An exact copy of all records is expected, minus the images.

===== ENTRIES PROVIDED =====

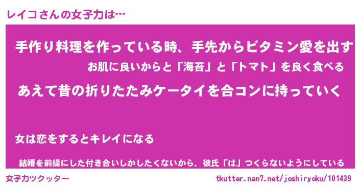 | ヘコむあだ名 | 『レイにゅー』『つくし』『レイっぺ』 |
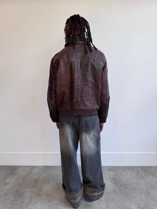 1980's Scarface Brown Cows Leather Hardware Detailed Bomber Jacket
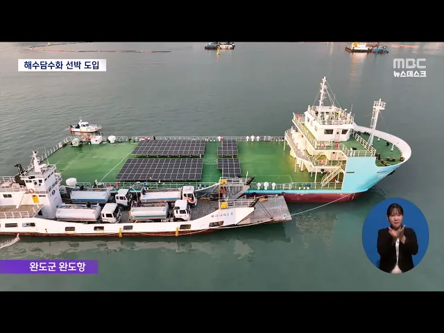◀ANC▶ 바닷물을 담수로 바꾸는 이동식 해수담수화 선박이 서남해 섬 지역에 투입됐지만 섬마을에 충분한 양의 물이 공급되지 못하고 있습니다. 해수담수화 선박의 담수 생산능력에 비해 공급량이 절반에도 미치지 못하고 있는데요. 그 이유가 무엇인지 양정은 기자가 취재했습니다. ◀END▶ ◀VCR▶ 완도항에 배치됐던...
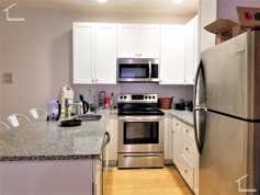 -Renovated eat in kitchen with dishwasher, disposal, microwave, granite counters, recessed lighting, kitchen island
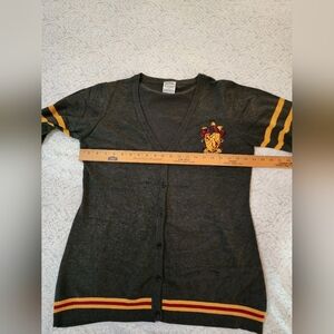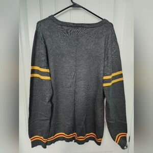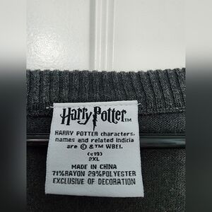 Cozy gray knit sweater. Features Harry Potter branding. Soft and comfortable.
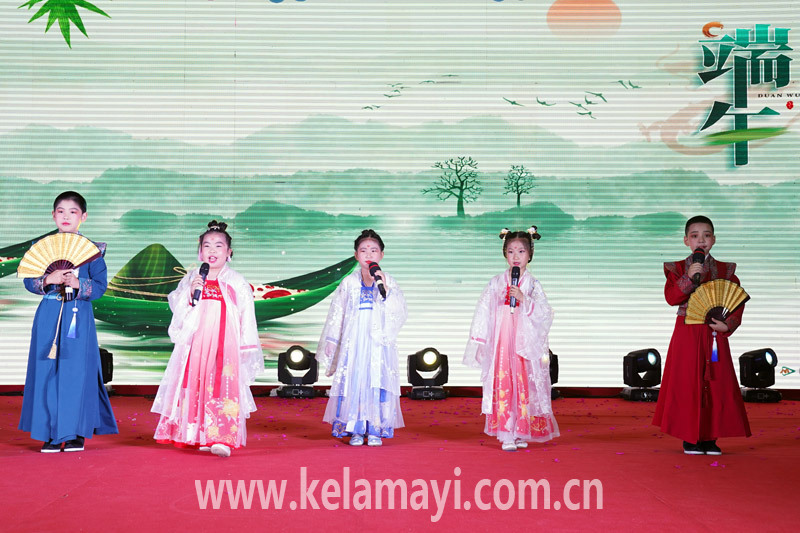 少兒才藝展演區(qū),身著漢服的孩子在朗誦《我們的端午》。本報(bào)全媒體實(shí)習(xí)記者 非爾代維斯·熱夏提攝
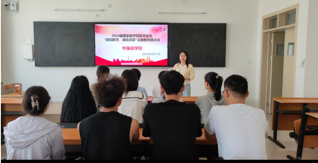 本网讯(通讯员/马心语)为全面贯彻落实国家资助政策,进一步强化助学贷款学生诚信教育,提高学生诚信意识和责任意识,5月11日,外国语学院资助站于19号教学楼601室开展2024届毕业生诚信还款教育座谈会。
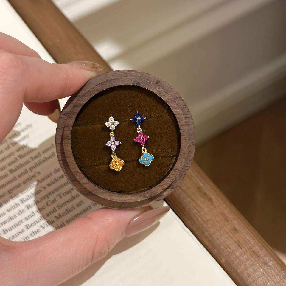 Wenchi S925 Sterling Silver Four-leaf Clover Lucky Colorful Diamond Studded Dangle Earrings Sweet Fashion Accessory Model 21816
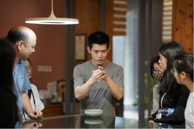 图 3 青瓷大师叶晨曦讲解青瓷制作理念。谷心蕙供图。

=====

> **RESPONSE BELOW**
 | ヘコむあだ名 | 『レイにゅー』『つくし』『レイっぺ』 |
 1980's Scarface Brown Cows Leather Hardware Detailed Bomber Jacket
◀ANC▶ 바닷물을 담수로 바꾸는 이동식 해수담수화 선박이 서남해 섬 지역에 투입됐지만 섬마을에 충분한 양의 물이 공급되지 못하고 있습니다. 해수담수화 선박의 담수 생산능력에 비해 공급량이 절반에도 미치지 못하고 있는데요. 그 이유가 무엇인지 양정은 기자가 취재했습니다. ◀END▶ ◀VCR▶ 완도항에 배치됐던...
 -Renovated eat in kitchen with dishwasher, disposal, microwave, granite counters, recessed lighting, kitchen island
 Cozy gray knit sweater. Features Harry Potter branding. Soft and comfortable.
 少兒才藝展演區(qū),身著漢服的孩子在朗誦《我們的端午》。本報(bào)全媒體實(shí)習(xí)記者 非爾代維斯·熱夏提攝
 本网讯(通讯员/马心语)为全面贯彻落实国家资助政策,进一步强化助学贷款学生诚信教育,提高学生诚信意识和责任意识,5月11日,外国语学院资助站于19号教学楼601室开展2024届毕业生诚信还款教育座谈会。
 Wenchi S925 Sterling Silver Four-leaf Clover Lucky Colorful Diamond Studded Dangle Earrings Sweet Fashion Accessory Model 21816
 图 3 青瓷大师叶晨曦讲解青瓷制作理念。谷心蕙供图。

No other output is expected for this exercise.